Seabirds circle overhead as our ferry approaches Alcatraz, a windswept, fog-bound island brooding in the middle of San Francisco Bay. After we disembark, I climb the steep roads leading to the former jailhouse, eager to learn why Alcatraz has endured for so long as a symbol of American justice.
The site started as a fort in the early 1850s before becoming a U.S. military prison, a federal penitentiary, and, eventually, a museum. Much of the site’s current infrastructure was built by military prisoners, historian Jolene Babyak tells me on a phone call after my visit.
“A lot of these prisoners were literally breaking rock,” she says. “They all went home and talked about that devil island.”
Why We Wrote This
Alcatraz started as a fort in the early 1850s before becoming a U.S. military prison, a federal penitentiary, and, eventually, a museum. We aimed to explore why it has endured for so long as a symbol of American justice.
Ms. Babyak spent part of her childhood in the 1950s on the island because her father served as acting warden. She says Alcatraz didn’t house the most dangerous criminals, but the most difficult to manage. The most notorious in its inaugural class in 1934? Al Capone.
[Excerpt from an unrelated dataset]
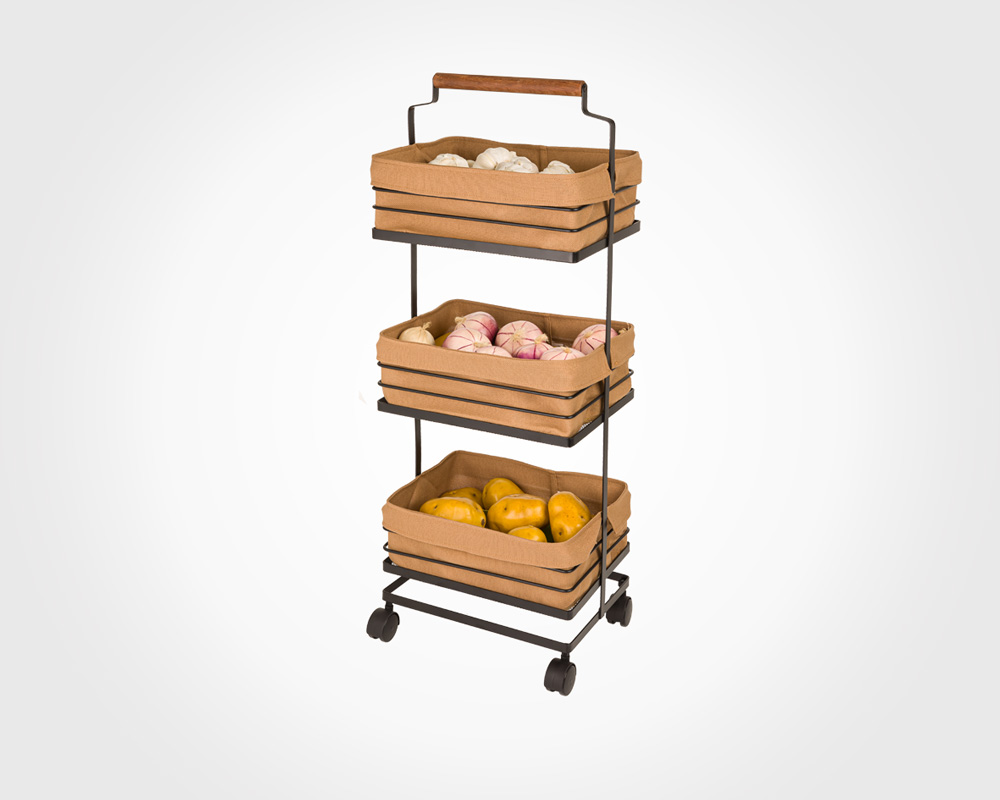 جا سیب زمینی و پیاز فلزی 3 طبقه دسته چوبی لیمون

But even in its prime, Alcatraz was crumbling. Harsh winds and salty air chewed through concrete and corroded steel, enabling some famous – but failed – jailbreaks. The prison’s sewage was dumped into San Francisco Bay. Drinking water and food had to be brought by barge from the mainland. President Donald Trump recently showed renewed interest in reopening the prison. But according to the Federal Bureau of Prisons, by the time the prison finally closed in 1963, Alcatraz was almost three times more expensive to operate than other federal correctional facilities.
These days, Alcatraz remains larger than life in American mythology, memorialized in no fewer than five major motion pictures. “It was the height of punishment,” Ms. Babyak says.